Reading, Writing Tabular Data
* Pandas
* Colunar data, Tabular data
* CSV, JSON, YAML, etc

Data File Formats
* CSV
* JSON
* YAML
* XML

# Reading Files

Notebooks:
* 16 - Python III - Read Files

Read and Write with `open()`:
> `file_object = open(file_name, mode)`

The modes can be:
* 'r'  read only
* 'r+' reading and writing
* 'w'  write only (existing file will be over-written)
* 'a'  write as append

## Reading Text

In [None]:
# Example: Don't need to understand all this, just notice the power of python

# We'll use this utiltiy function throughout to check
# the top few lines of the files we read and write

def head(file_name, n=5):
    """OS/Platform-independent utility function 
        used to inspect the top few lines of our files
    """
    with open(file_name) as myfile:
        for _ in range(n):
            try:
                print(next(myfile), end="")
            except StopIteration: # end of file
                return None

In [None]:
# Now let's look at a text file
file_name = os.path.join("data","lorem-ipsum")
head(file_name)

In [None]:
# Example: simplest input
file_obj  = open(file_name, mode='r')
file_data = file_obj.read().replace('\n', " ")
file_obj.close()

print( file_data )

In [None]:
# Exercise: do the same read, but remove all 
# end of lines "\n" and replace them with spaces

print( type( file_data ) )

file_data.replace("\n"," ")

In [None]:
# Example: next simplest input
file_obj   = open(file_name, mode='r')
file_lines = []

# Iterate and read
for line in file_obj:
    file_lines.append(line)

# close
file_obj.close()

# echo
file_lines

In [None]:
# Better way
file_lines = []

with open(file_name) as file_obj:
    for line in file_obj:
        file_lines.append(line)

file_lines

## Reading CSV

In [None]:
# Let's inspect another text data file
file_name  = os.path.join("data","exoplanets.csv")

head(file_name)

In [None]:
# Let's read the data file.

# Method 1: Not the best way...
import csv
file_obj = open(file_name, mode='rt')  # "t" = "text mode"
csv_obj  = csv.reader(file_obj)

file_lines = []
for row in csv_obj:
    file_lines.append(row)
file_obj.close() # this never executes if reader fails!

file_lines[1]

In [None]:
# Method 2: Smarter way: use a "context manager"
import csv
with open(file_name, 'rt') as file_obj:
    csv_obj = csv.reader(file_obj)
    for row in csv_obj:
        print(row)

In [None]:
# Exercise: 
# Read all rows from "data/AAPL.csv" and store them in a list

# Set-up:
import csv
file_name = os.path.join("data","AAPL.csv")
data_list = []

In [None]:
# Solution:
# notice when you print your output here, that
# a list of rows is not an ideal data structure... see next exercise.

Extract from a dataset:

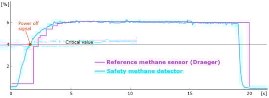 The methane detector was tested in atmosphere that contained methane and other gases in well-known amounts in a special gas chamber. A calibrated gas sensor Draeger X-am 5000 (reference) and the methane detector were closed inside the chamber with gas entry for methane mixture and a small hole for cable harness and to allow a small airflow. Figure 14 shows one of the graphs that were obtained during the testing after calibration, where the measured values closely match values from the reference sensor.
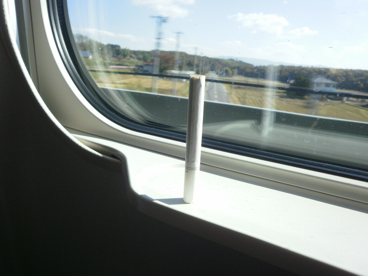 そんなに揺れないな。タバコを立てて実験。

with open(file_name, 'rt') as file_obj:
    csv_obj = csv.reader(file_obj)
    for row in csv_obj:
        data_list.append(row)

In [None]:
data_list[0]

In [None]:
data_list[1]

In [None]:
data_list

In [None]:
# Exercise: Read "data/goog.csv"

# (1) use dict(zip()) as shown above to create a dictionary for each row
# such that the column header names are the keys for the row values
# and append each dict to a data list

# (2) print the 1st and 2nd rows from your final list

In [None]:
# Exercise Reminder: using zip() to create dicts
columns = ['Date','Open','High','Low','Close','Volume']
data    = [20160203,2.0,3.0,1.0,2.0,6]
dictionary = dict(zip(columns, data))
print(dictionary)

In [None]:
# Exercise set-up:
import csv
data_file = os.path.join("data","goog.csv")
data_list = []
dictionary = []
columns = ['Date','Open','High','Low','Close','Volume']

In [None]:
# Solution:
with open(data_file, 'rt') as file_obj:
    csv_obj = csv.reader(file_obj)
    for row in csv_obj:
        dictionary = dict(zip(columns, row))
        data_list.append(dictionary)

In [None]:
record = data_list[1]
print(record)

x = float( record['Close'] )
type(x)

## File Formats to read

Notebooks:
* 61 - Data Formats - CSV, XLS, SQL.ipynb
* 62 - Data Formats - JSON, YAML, XML.ipynb

## String Parsing for Reads

Now that you can read data from files, you need to be able to parse strings!

Notebooks:
* 07 - Python II - Data Types (string methods)

In [None]:
"Jason Vestuto".count("s") # how many times does "s" substring appear?

In [None]:
"Jason Vestuto".split()    # default delimiter is space

In [None]:
" Jason ".strip()          # remove lead/trail white-space

In [None]:
"Jason ".rstrip()          # remove only trailing white-space

In [None]:
"Jason".replace("J","M")   # substitution

In [None]:
"Jason".endswith("n")

In [None]:
" ".join("Jason")             # separate all elements with " "

In [None]:
" ".join(["Jason","Vestuto"]) # separate all elements with " "

In [None]:
"Vest" in "Jason Vestuto"     # returns bool

# Writing Files

## Exercise

In [None]:
# Example: simplest output
file_name  = os.path.join("tmp","hello.txt")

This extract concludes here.